- Try it
Go to the line containing "A ring pillow" and retype it and every later line exactly as written, up to the last line of the entries. Keep pictures out.

- Data to use
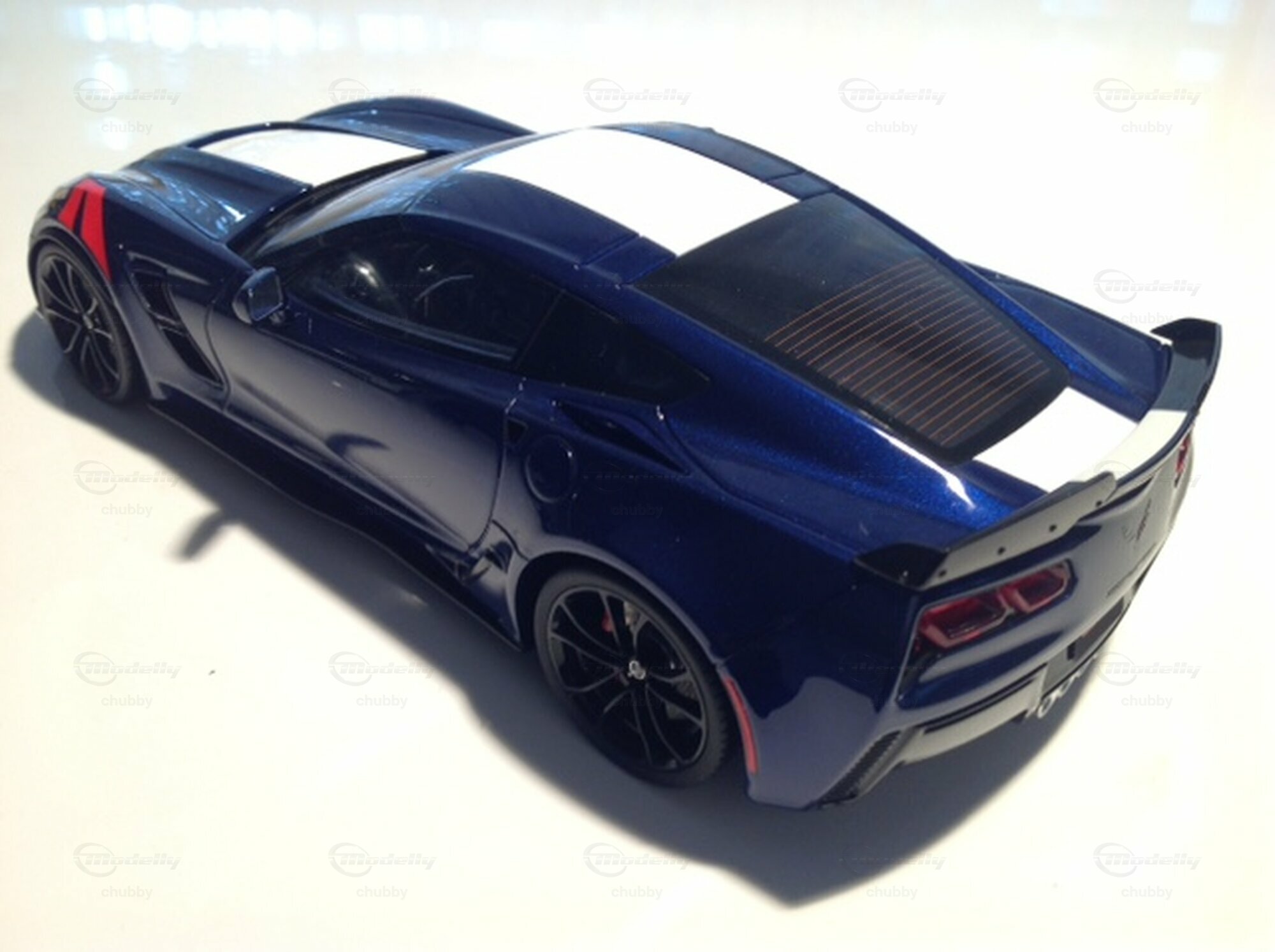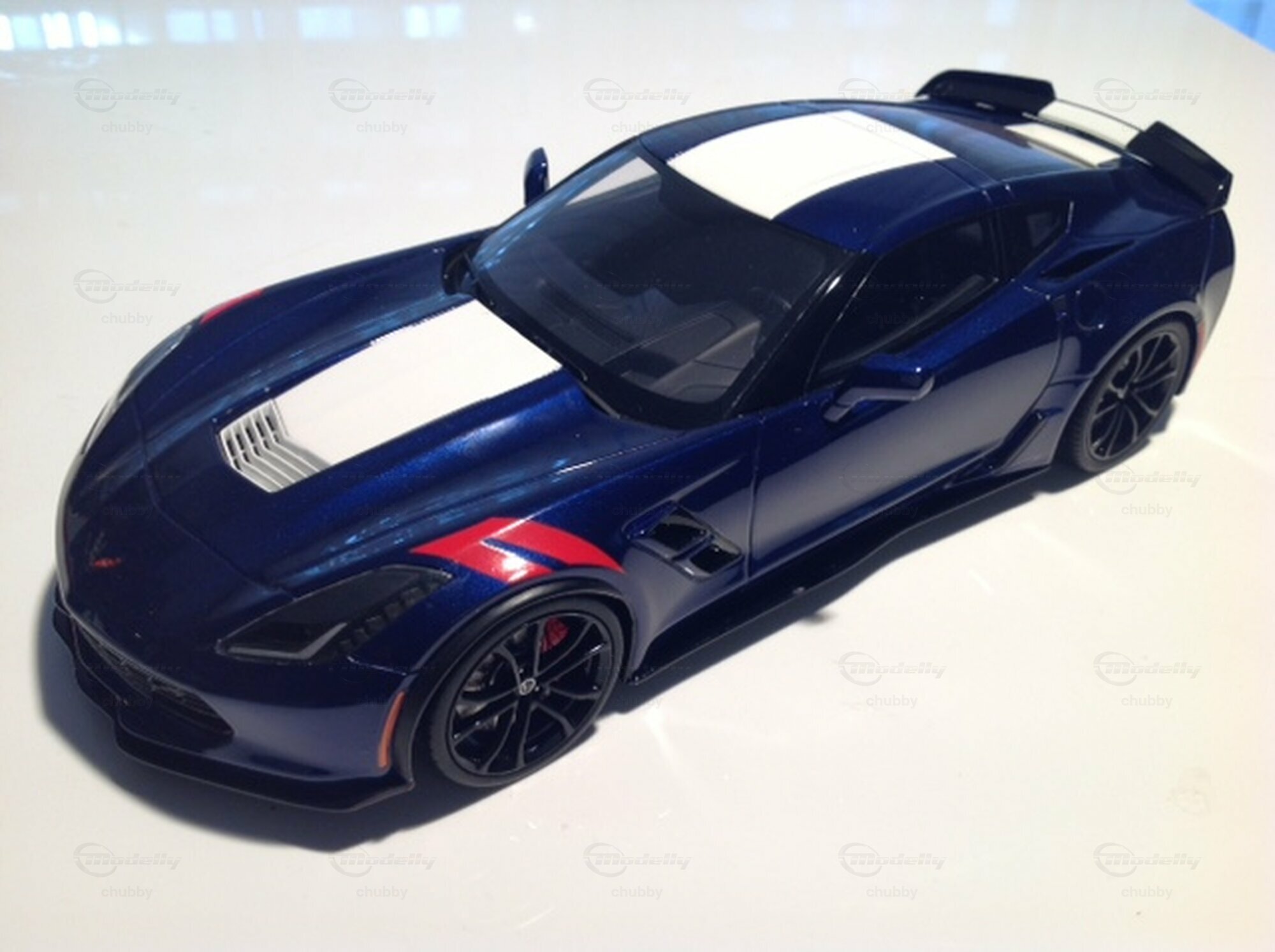 GT Spirit hat auch schöne C7 Grand Sport Coupés gemacht. Im Gegensatz zu den Modellen von AUTOart sind dies reine Standmodelle, d.h. man kann daran nichts bewegen und öffnen, und sie sind als Resin-Modelle auch viel schwerer. Hier ein Exemplar in der klassischem Grand Sport-Farbkombination Dunkelblau und Weiss.
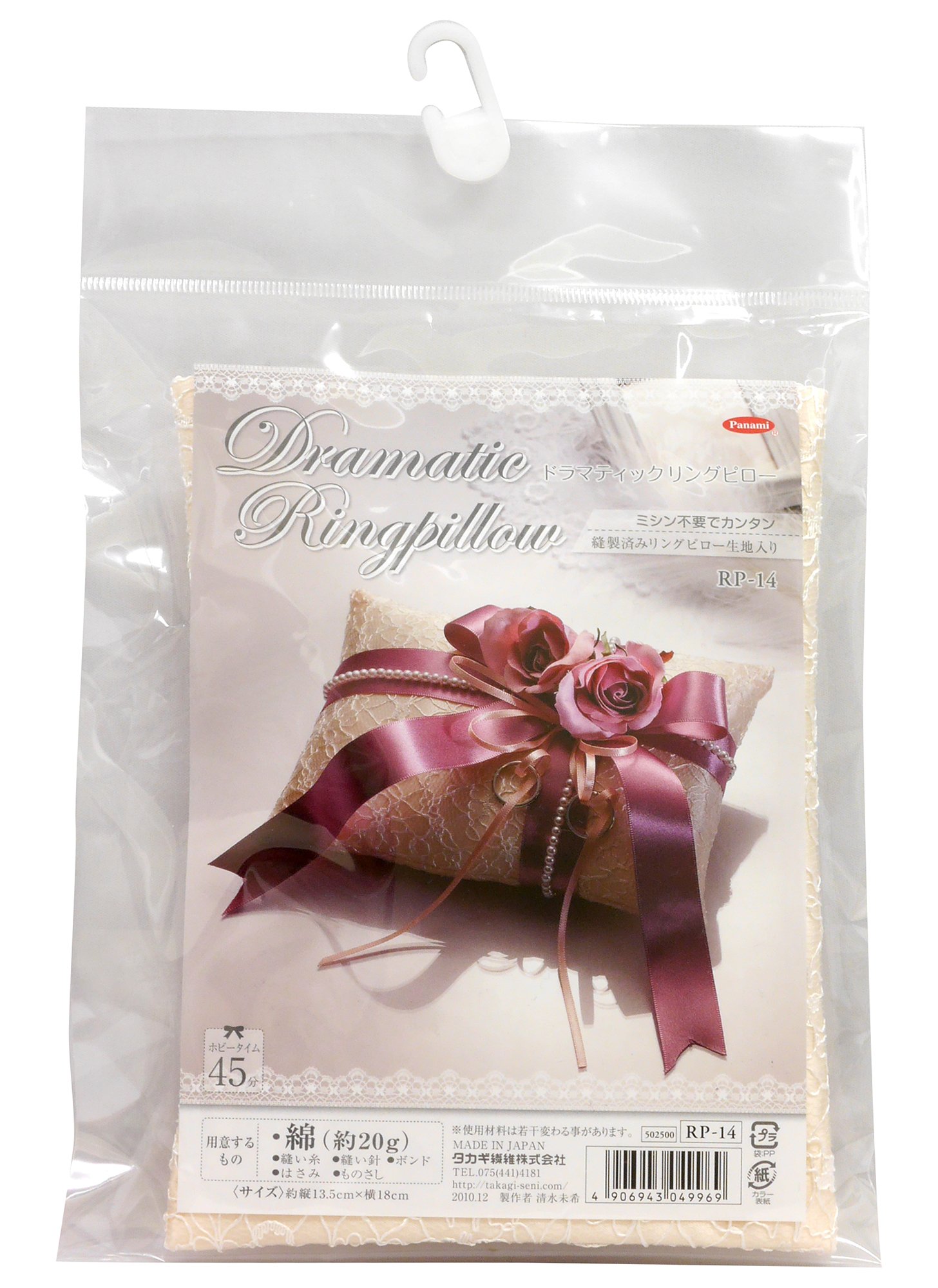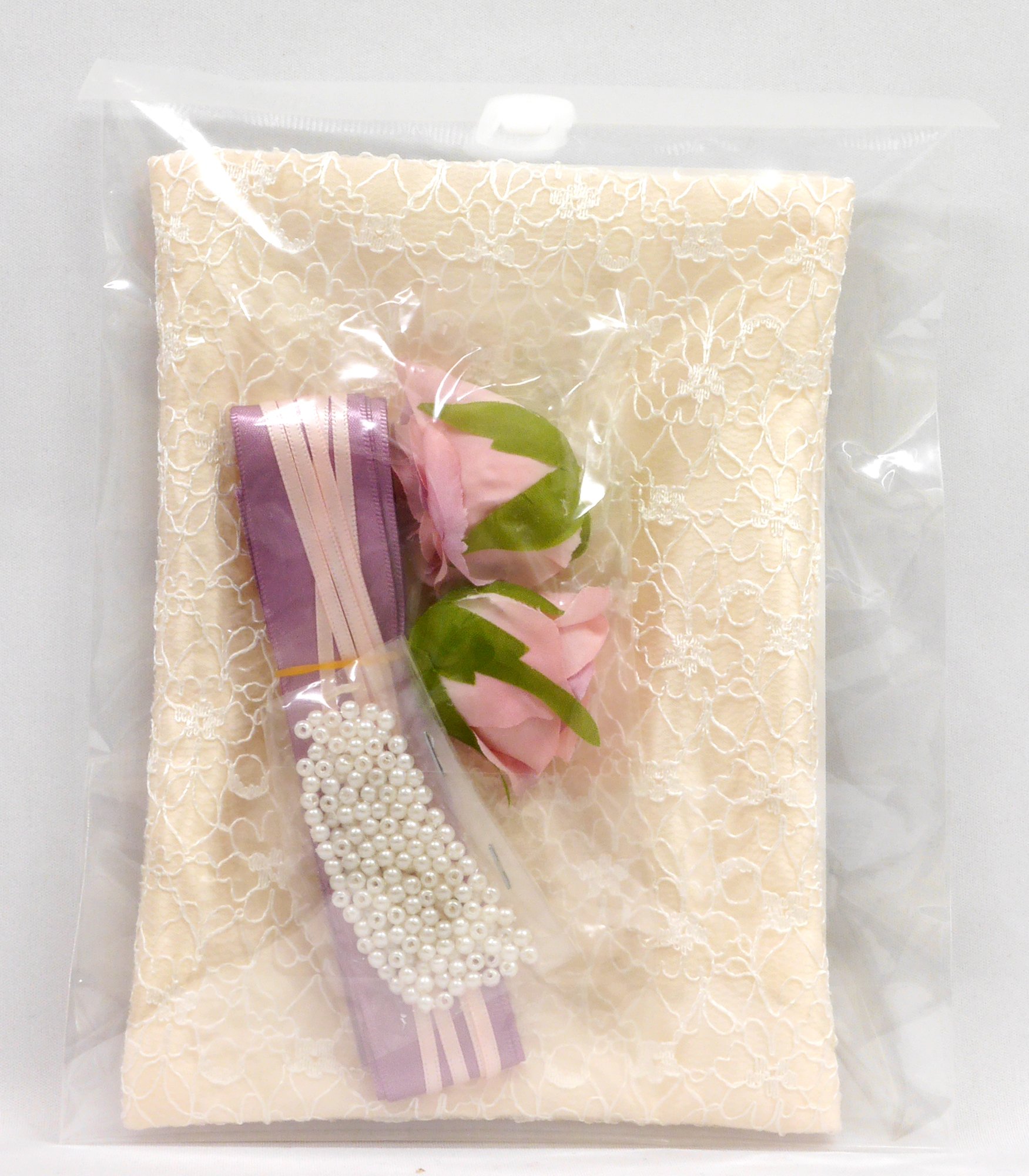 A ring pillow making kit that can be made easily without needing a sewing machine.
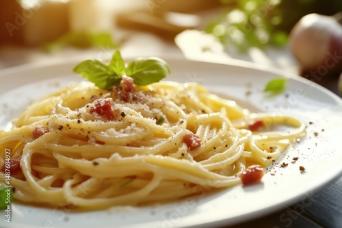 Delicious Spaghetti Carbonara with Parmesan Cheese and Basil
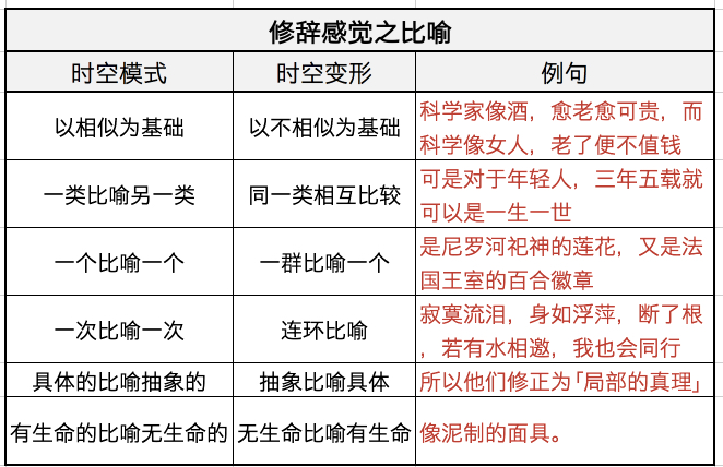 - 修辞以立其感:日本的佐藤信夫发现,修辞是「发现性认识的造型」,可以创造新感觉,点明美的视觉
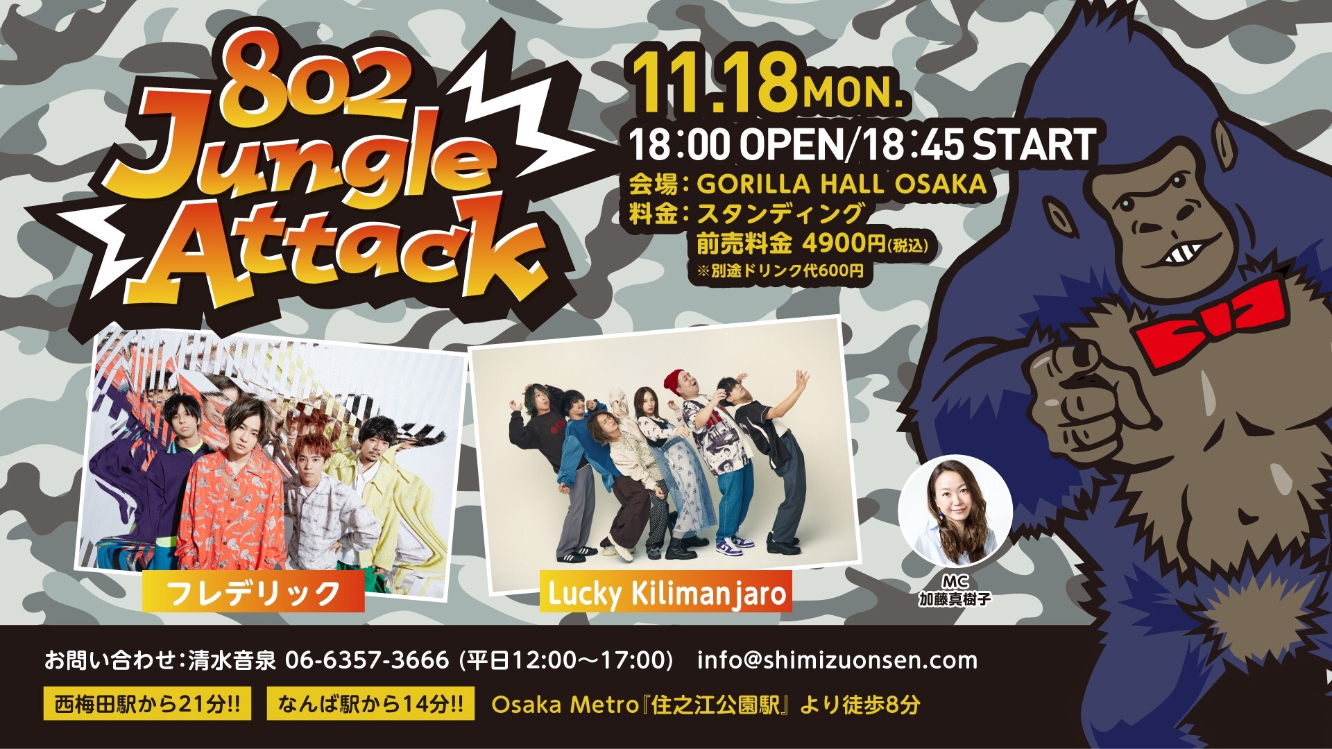 11月18日(月)、GORILLA HALL OSAKA にて第二弾となる『802 Jungle Attack』が開催される。出演はフレデリック、Lucky Kilimanjaroの2組。

- Output of the exercise
 A ring pillow making kit that can be made easily without needing a sewing machine.
 Delicious Spaghetti Carbonara with Parmesan Cheese and Basil
 - 修辞以立其感:日本的佐藤信夫发现,修辞是「发现性认识的造型」,可以创造新感觉,点明美的视觉
 11月18日(月)、GORILLA HALL OSAKA にて第二弾となる『802 Jungle Attack』が開催される。出演はフレデリック、Lucky Kilimanjaroの2組。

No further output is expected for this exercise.